The people of Ghana did not mandate the government to impose hardships on them but rather to cater for their welfare.
According to Deputy Energy Minister Inusah Fuseini the problem of the current shortage is because the unintended consumers of the product especially commercial drivers have created artificial shortages in the system. It will be wrong for the Minister to pounce on the driver accusing them to have created artificial shortage of LPG, because the said commercial drivers are not doing their business,serving the people of Ghana with the intention to loose but rather also as workers who want to earn a living at the end of the day. Most of them are family father who are expected to care for their families same as the Minister and any other Ghanaian working class.

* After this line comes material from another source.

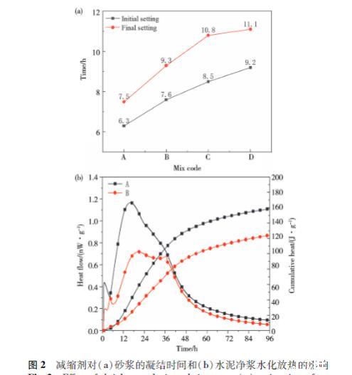 图2减缩剂对(a)砂浆的凝结时间和(b)水泥净浆水化放热的影响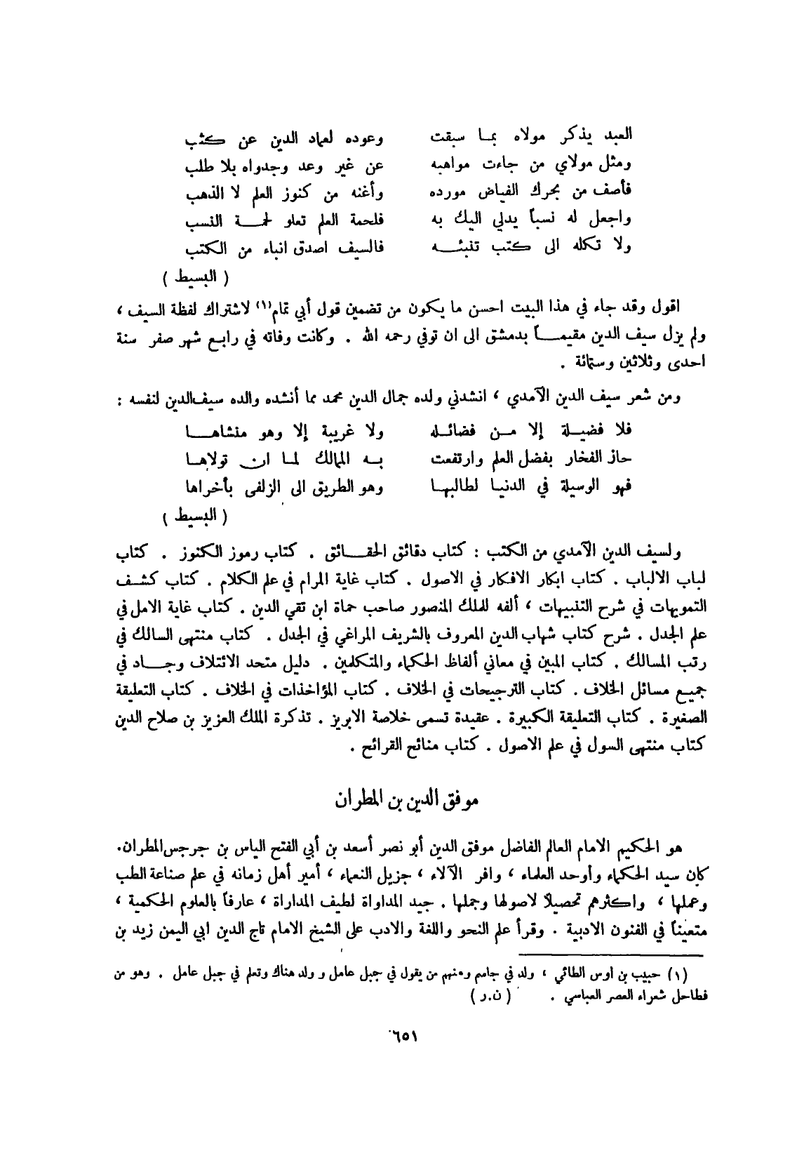 وَمن شعر سيف الدّين الْآمِدِيّ أَنْشدني وَلَده جمال الدّين مُحَمَّد مِمَّا أنْشدهُ وَالِده سيف الدّين لنَفسِهِ

It will be politically wrong for the Energy Minister or the government to direct the Driver and Vehicle Licensing Authority (DVLA) not to license vehicles that are converted from petrol to gas. There is no country in the Global world where Vehicles with Gas or Gas/Petrol convertible not allowed to be registered.
It is the assiduity of the Minister of Energy to make sure we have ample supply of LPG in the country and also reasonably subsidized for the sake of the citizens. After all no Minister in country is paying for anything (for the people) from his own pocket. You don't stop people from selling water because of water shortage from Ghana Water Co-operation, do you? The government is therefore there to see to it by taking measures to assisting Ghana Water company to enhance constant and effective supply of water for the people.

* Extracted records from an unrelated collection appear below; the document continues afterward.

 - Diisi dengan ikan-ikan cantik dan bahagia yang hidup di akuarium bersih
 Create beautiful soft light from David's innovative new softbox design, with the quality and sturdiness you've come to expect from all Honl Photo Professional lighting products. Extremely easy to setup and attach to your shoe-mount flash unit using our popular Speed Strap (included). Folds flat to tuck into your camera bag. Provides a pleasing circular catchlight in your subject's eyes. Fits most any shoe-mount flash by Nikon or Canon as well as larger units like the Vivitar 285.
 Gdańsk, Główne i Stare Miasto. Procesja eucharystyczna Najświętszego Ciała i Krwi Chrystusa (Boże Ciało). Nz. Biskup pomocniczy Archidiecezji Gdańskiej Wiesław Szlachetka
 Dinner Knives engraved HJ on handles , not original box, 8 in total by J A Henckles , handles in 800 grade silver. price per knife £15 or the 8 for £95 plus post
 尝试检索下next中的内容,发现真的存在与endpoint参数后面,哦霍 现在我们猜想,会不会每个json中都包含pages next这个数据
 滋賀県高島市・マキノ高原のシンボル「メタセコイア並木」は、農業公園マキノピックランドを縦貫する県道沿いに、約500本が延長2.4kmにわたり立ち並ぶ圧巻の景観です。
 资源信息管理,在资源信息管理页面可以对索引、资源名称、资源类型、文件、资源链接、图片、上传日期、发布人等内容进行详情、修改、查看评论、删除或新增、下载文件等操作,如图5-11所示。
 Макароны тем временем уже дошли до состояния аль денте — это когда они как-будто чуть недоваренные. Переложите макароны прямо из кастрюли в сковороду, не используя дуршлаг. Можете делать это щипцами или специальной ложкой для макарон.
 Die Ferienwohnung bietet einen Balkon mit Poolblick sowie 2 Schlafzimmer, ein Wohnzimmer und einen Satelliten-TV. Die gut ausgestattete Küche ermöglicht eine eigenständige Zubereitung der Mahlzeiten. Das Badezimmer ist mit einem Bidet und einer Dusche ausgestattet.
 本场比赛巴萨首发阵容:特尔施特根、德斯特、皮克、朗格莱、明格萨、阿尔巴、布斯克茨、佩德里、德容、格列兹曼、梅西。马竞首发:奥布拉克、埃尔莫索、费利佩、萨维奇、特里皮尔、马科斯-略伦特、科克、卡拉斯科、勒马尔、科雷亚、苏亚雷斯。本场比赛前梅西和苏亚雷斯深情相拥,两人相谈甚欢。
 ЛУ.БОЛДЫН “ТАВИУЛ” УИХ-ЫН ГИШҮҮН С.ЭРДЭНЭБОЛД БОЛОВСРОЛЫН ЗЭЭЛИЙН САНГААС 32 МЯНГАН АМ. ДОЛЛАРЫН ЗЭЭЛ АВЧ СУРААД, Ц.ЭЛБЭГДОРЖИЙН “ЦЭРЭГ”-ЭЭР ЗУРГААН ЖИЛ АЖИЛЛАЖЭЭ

Speaking to City News, Deputy Energy Minister Inusah Fuseini said Government was determined to ensure that commercial drivers and their car owners do not rip off the state by redirecting the subsidies factored into the price of LPG into their pockets.
If good and effective measures are taken by the government, nobody can rub or rib off the economy, but if the other means like petrol for the commercial drivers is not adequately subsidized and not consistent in the system you can't expect the drivers to pack their cars at idly in their homes only to be cleaning them, while they can better go by LPG.

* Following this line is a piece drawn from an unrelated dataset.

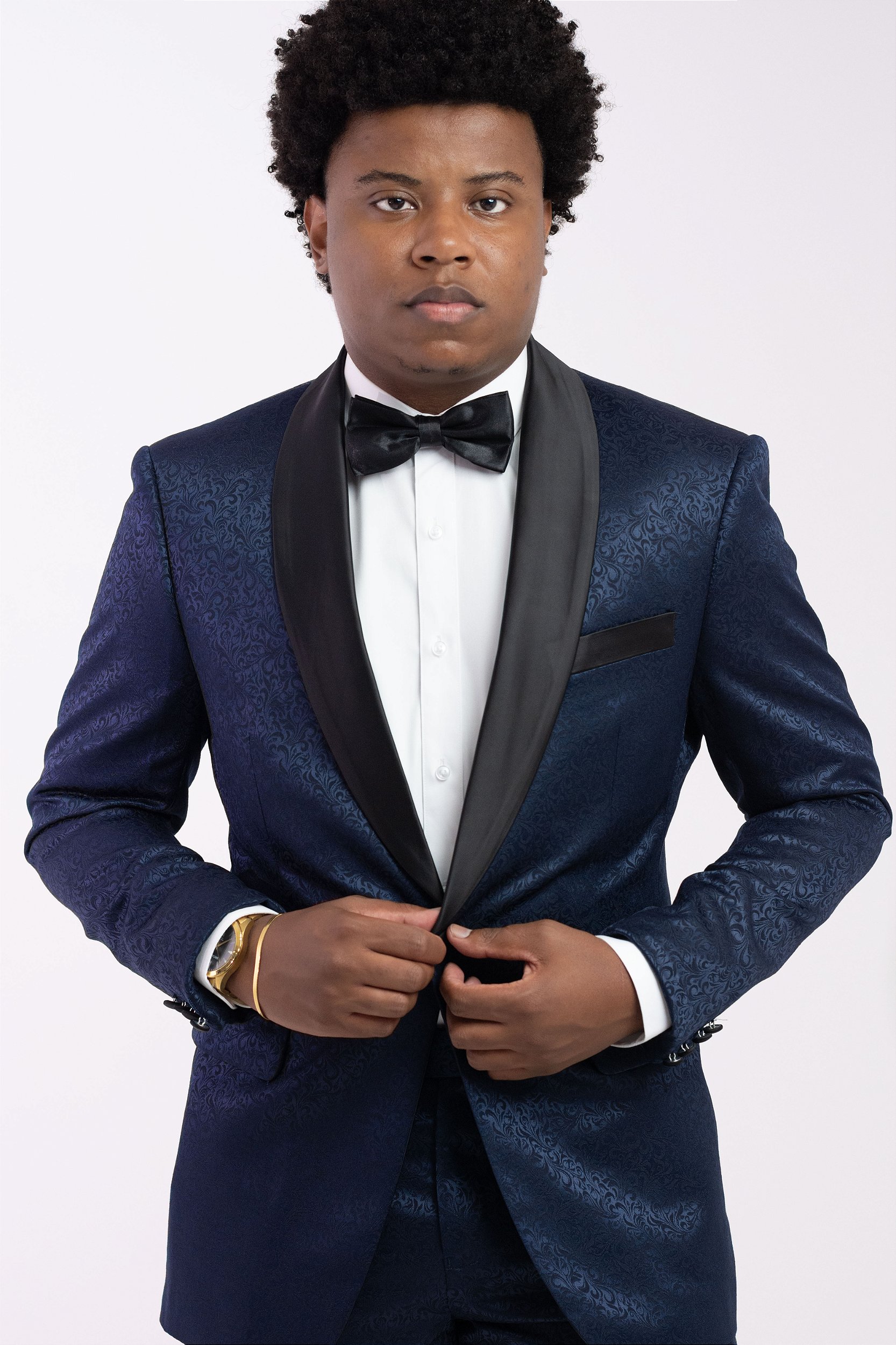 Elegância elevada ao máximo com textura, presença e exclusividade. Garanta agora seu Smoking Pataloo Azul Marinho Jacquard.

The driver with vehicles having dual fuel sources, can choose use petrol or gas depending upon the economical aspect. If even Petrol is in abundance, they are doing their business and must know better. It is their own business to queue for gas in abundance of petrol. No matter how much and for how long they buy the gas it is up to them to decide because are running business with the aim to make profit but not to loose. Probably using gas rather than petrol makes commercial sense for the drivers, so what speaks against it?
The Hotel, Restaurant, Catering House or any other food seller using gas for 24 hours dairy to serve its customers or a taxi driver using gas 12 hours a day, what is the difference and who must be put under the microscope? Fact is the government must make sure we are not deprived of our essential needs. The people of Ghana have not mandated democratic government to impose communist governance on them.
Calling commercial gas consumers like drivers to pay realistic prices for LPG, as the energy Minister is saying is OK but shouldn't be more than realistic else the repercussions will reflect on the Ghanaian citizen since fares other prices will then shoot up. This will then make the so-called unintended consequences (as the Energy Minister claimed) of the policy turn to be an intended consequences at long last.